Very little in British politics makes much sense right now. Consider the following lines from the BBC report on Frank Field’s resignation of the Labour whip:
“Talk of a new centrist grouping in politics has been rumbling for months. But those dissident MPs have, so far, been deeply reluctant to translate their private dissent into open insurrection.”
All of that is true, but what does it have to do with Frank Field? Or, rather, what does this veteran campaigner for traditional working class values and interests have in common with the liberal elitists linked to the talk of a new centre party? Not enough to share a coherent political platform, that’s for sure. Indeed, on the great issue of the day – Brexit (and everything it signifies) – they are poles apart.
This is how Matthew Goodwin, in a must-read piece for Politico, describes the notional new centrist party:
“The idea, inspired by the rise of French President Emmanuel Macron’s successful En Marche movement, is usually pictured as a club of disillusioned social liberals drawn from across the political landscape — think Labour’s Chuka Umunna and David Miliband on stage with the Liberal Democrat Vince Cable and Conservative Remainers like Nicky Morgan and Anna Soubry, with a strategy overseen by veterans Tony Blair, Nick Clegg and George Osborne and communications by Peter Mandelson and Alastair Campbell.”
I certainly don’t see Frank Field fitting into that.
In any case, Goodwin thinks that the wannabe Macronistes have misunderstood the political marketplace:
“But while a gap is indeed opening up in the British political landscape, a look at the latest voter data shows it’s unlikely to give rise to the Macronist party of Remainers’ dreams.
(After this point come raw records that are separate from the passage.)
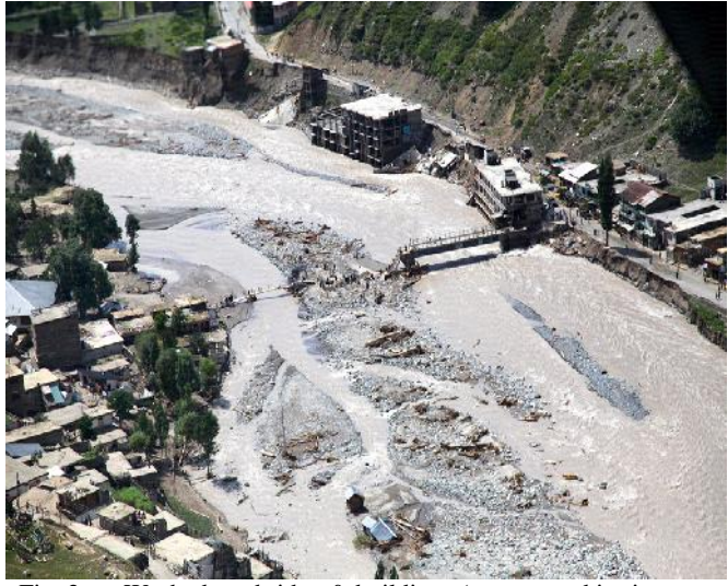
Fig. 2. Washed out bridge & buildings (constructed in river course) by the flood in Ghazi, August 5, 2010

Pakistan which receives more than 50 inches mean annual rainfall where the altitude difference is more has 25,000 feet causing steep slopes. These steep slopes spread over thousands of square kilometer area are responsible for
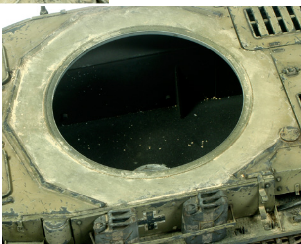
When the fixer has dried you have a realistic dusty finish. An easy technique with great results.
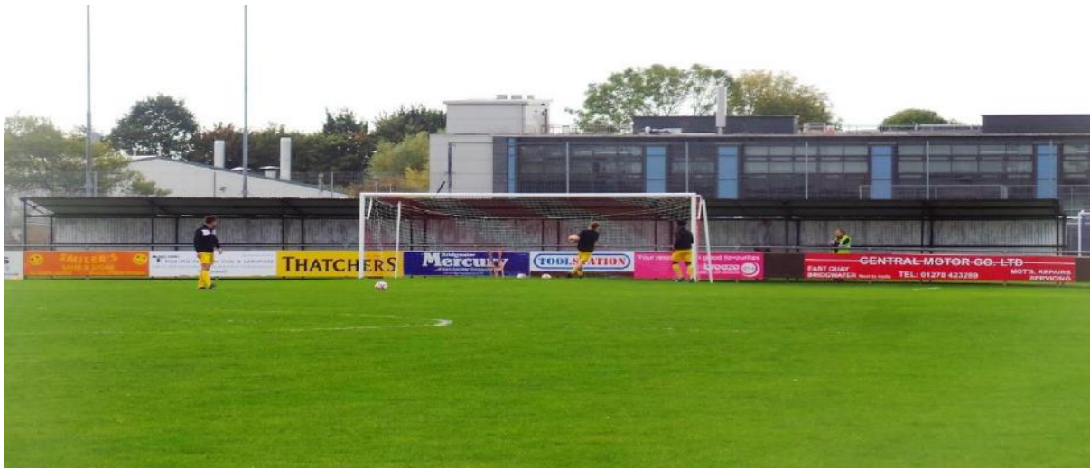
America Pink (Wycombe Wanderer)

Train to Bridgewater Rail Station is 10 minutes from the ground by coming out of the main booking hall and walking up Wellington Street till the roundabout then take the first right and walk down Bath Road past the Rifles Pub and after the bridge take the first right down College Way the ground is the first lane on the right after the bend the ground is in front of you.
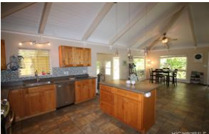
Open concept living space with soaring ceilings.
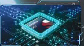
Advanced Driving System With Qualcomm B155 Chip
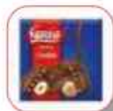
NESTLE TABLET HAZELNUT 60GR
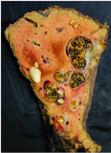
Figure 3 LPAC syndrome associated with the presence of intrahepatic non cystic bile duct dilatations filled with cholesterol gallstones.
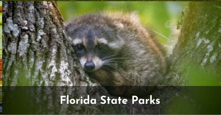
Florida State Parks
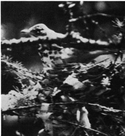
Wood Thrush at nest, Kempt, Queens Co., N.S. June 18, 1973. First provincial breeding record.
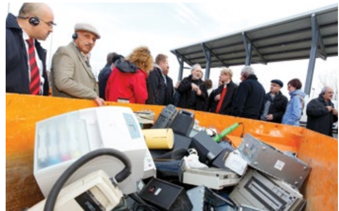
Visiting the recycling yard

The Jena Municipal Services (ksj) company was established in 2002, and today employs a workforce of some 300. Owned by the city, this is the company responsible among other things for solid waste management, and road and pavement cleaning. It also provides numerous other services (including commercial services) involving solid waste management and disposal, including its container service and the disposal of all types of waste from industrial enterprises.
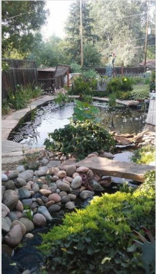
Dan & Vicki Aber's Pond, Arvada, (photo courtesy of Vicki Aber)
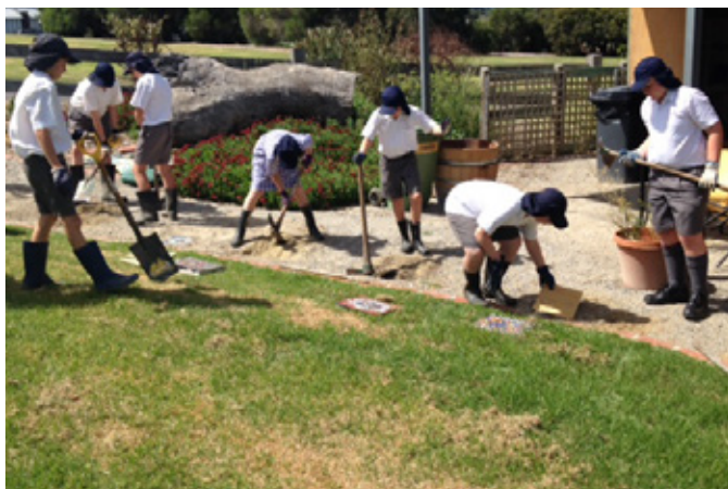
Year 6 students creating a path with mosaic paving stones

The Year 6 students created a fabulous pathway with paving stones that our Year 4 students decorated in Art with Mrs Elliot last year.
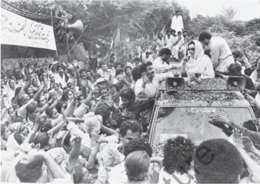
Benazir Bhutto campaigning in Malir, Karachi.

and green PPP flags. 2 Bibi, as she was known in popular parlance, “gives off white heat,” a fervent supporter remarked. 3 Using her party’s catchphrase “bread, clothing, shelter,” Benazir promised to raise wages for workers and give land to the tiller in keeping with her father’s principle of “Islamic socialism,” adding her own charged slogan: “Martyrdom is our cause.”
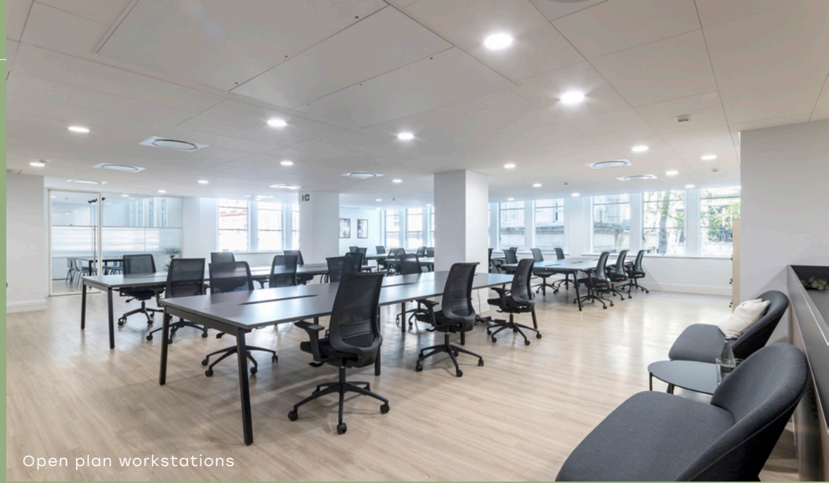
Open plan workstations
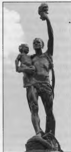
Redhill & Reigate Memorial
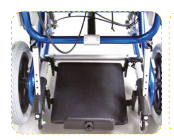
ANTI TIP SYSTEM

WOODEN SUPPORTING BASE FOR BREATHING EQUIPMENT
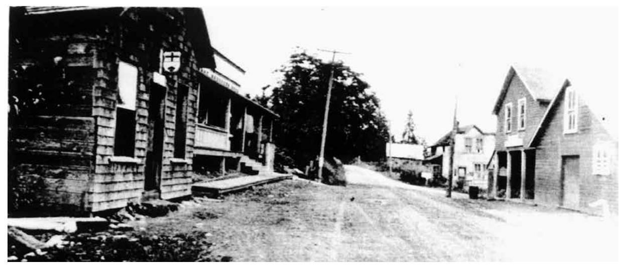
River Road at Whonnock looking east. On the left post office and Showler's store. Right Graham's store and at some distance Luno's. Note the dirt road! Picture was probably taken in the later 1920s.
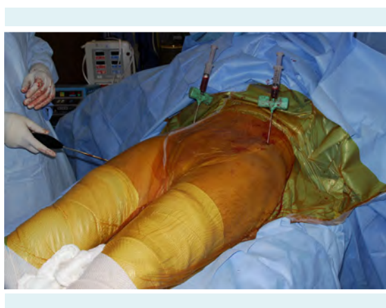
FIGURE 1. Patient with iliac crest aspirators in place, with bilateral hips prepared for decompression and injection of concentrated bone marrow (published with permission from Sierra RJ). Alternative procedure for osteonecrosis of the femoral head, Figure 2 (24).

The patient is placed supine on a radiolucent table and general anesthesia is performed. Fluoroscopic imaging is used at this time to ensure that adequate anterior-posterior (AP) and frog-leg lateral images can be obtained with the patient's position. The operative hip/hips and both iliac crests are prepped and draped into the surgical field in a sterile manner (Figure 1). Two grams of cefazolin should be given at this time. The procedure begins by obtaining iliac bone marrow aspirate. A 2-3-mm incision is made over that anterior aspect of each anterior iliac crest. When the iliac crest is visible, the trochar (Marrowstim, Biomet Biologics, Warsaw, IN, USA) can be inserted into the iliac crest in between the two tables of ilium and bone marrow can be aspirated into 10 mL-syringes. We use the Bio-Cue System (Biomet Biologics) to concentrate the bone marrow aspirate obtained. Each vial requires 57 mL of bone marrow aspirate mixed with 3 mL of heparin to prevent clot formation. A single vial produces 6 mL of concentrated bone marrow aspirate, and we typically utilize two vials per hip. Once collected, the vials are placed in a centrifuge for 15 minutes to adequately concentrate the mononuclear fraction of blood that contains the mesenchymal progenitor cells. Additionally, 120 mL of anticoagulated blood are placed into two
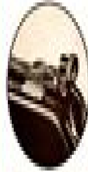
EXTRA STRENGTH ACTION
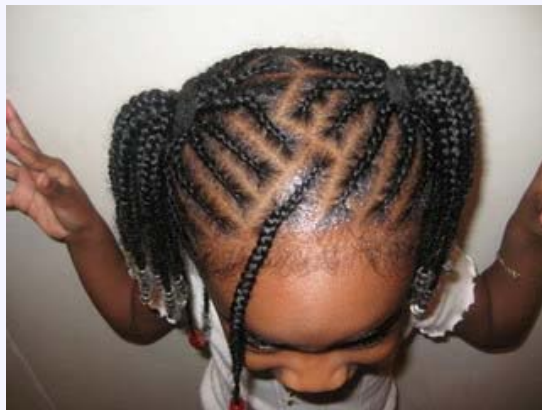
GOT MOISTURE, MOISTURE, MOISTURE? 😊

Great! Thanks for sharing your review. 😊
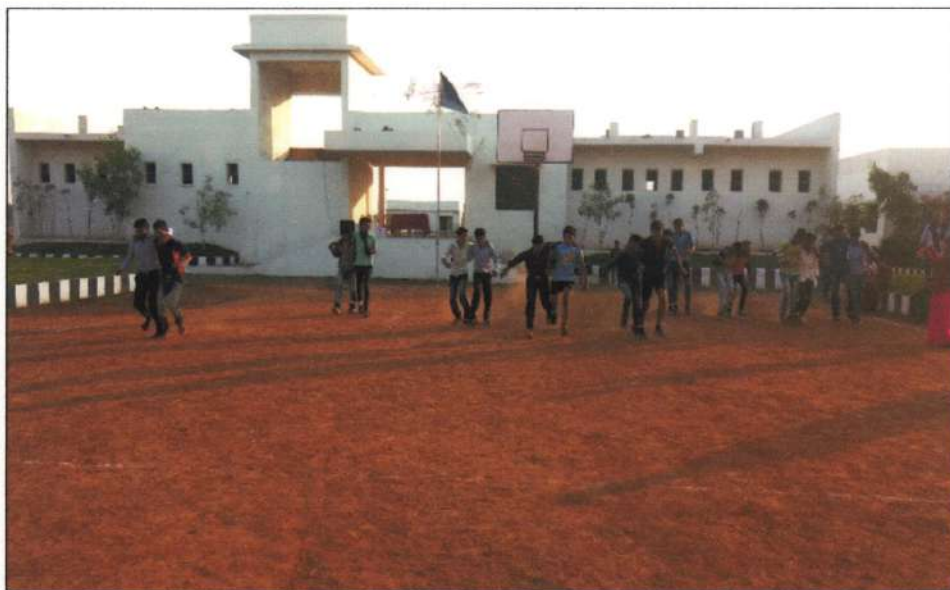
Students participating in '3-Leg Race Competition (Boys)'
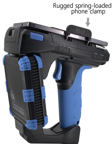
Rugged spring-loaded phone clamp
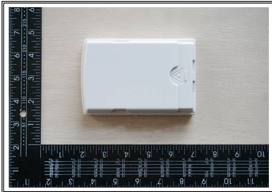
Test item: Fiber Box
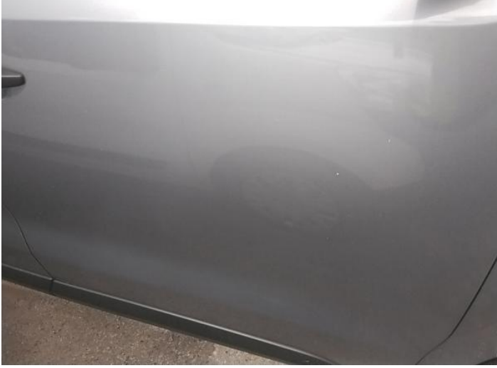
20: Door osf Chipped Multiple Chips
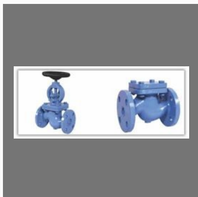
Cast Iron Stop Valves
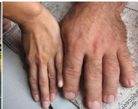
Figure 3. Female hand vs. Denis Cyplenkov's hand
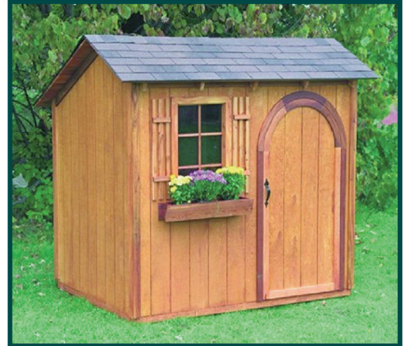
Item 108 - 6x8 Chesapeake (T 1-11 -stained -paint/stain not included)
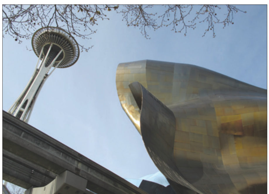
Seattle Space Needle towers above the Asian Art Museum in Capitol Hill's Volunteer

Given that Belltown is host to some of the region's finest culinary masters, we booked a tour with Seattle Food Tours to quench our thirst for local knowledge and walking tour includes a colourful, signed first editions.
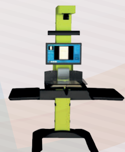
EXAMPLE OF WORKING STATION CONFIGURATION, SCANNER'S FEET LIE ON THE FLOOR FOR A SEATED USE
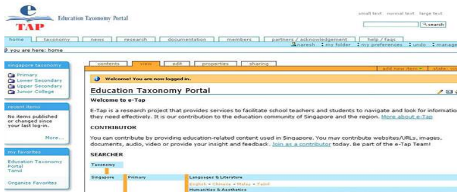
Figure 3. Snapshot of the Educational Taxonomy Portal (ETaP)

To shorten this gap by providing a localized learning object repository for Singapore schoolteachers and students, the Educational Taxonomy Portal (ETaP) project was initiated at the School of Computing, National University of Singapore in 2004. ETaP was targeted at the Singapore Education Community, with the aim of providing free-of-charge services to facilitate schoolteachers and students to contribute, search, navigate and retrieve education-related content effectively. A taxonomy based on the prescribed education curriculum would help in easy browsing. Improved navigation and search quality should give rise to more innovation and effectiveness, and enhance the efficacy of Knowledge Management in Singapore (Agarwal, Poo and Goh 2005).

To the contrary, Britain looks increasingly ready for a new far-right party, styled after Marine Le Pen’s National Rally.”
Examining a list of “issues that voters both feel concerned about and believe are not currently represented by the main parties”, including “tighter restrictions on immigration” and “tougher regulation of big business”, Goodwin argues that these lend themselves to a party “that offers a combination of authoritarian positions on social issues… and also interventionist positions on the economy”.
Such a party would be “would be more ‘Trumpian’ than ‘Blairite’ — more like Le Pen’s National Rally than Nigel Farage’s U.K. Independence Party”. However, I think we need to apply the same test to this kind of outfit as we should to the new centrist party: Would Frank Field fit in?
The answer, again, is no. Frank Field – and the millions of British voters who sympathise with him – have an instinctive distrust of extremists, fanatics and posturing blowhards: exactly the sort of people that a ‘Le Pen UK’ movement would be led by.
What the Field type of voter wants is for their unresolved concerns to be addressed by a moderate, humane and competent party occupying the common ground of British politics (as it is beyond the bastions of metropolitan privilege).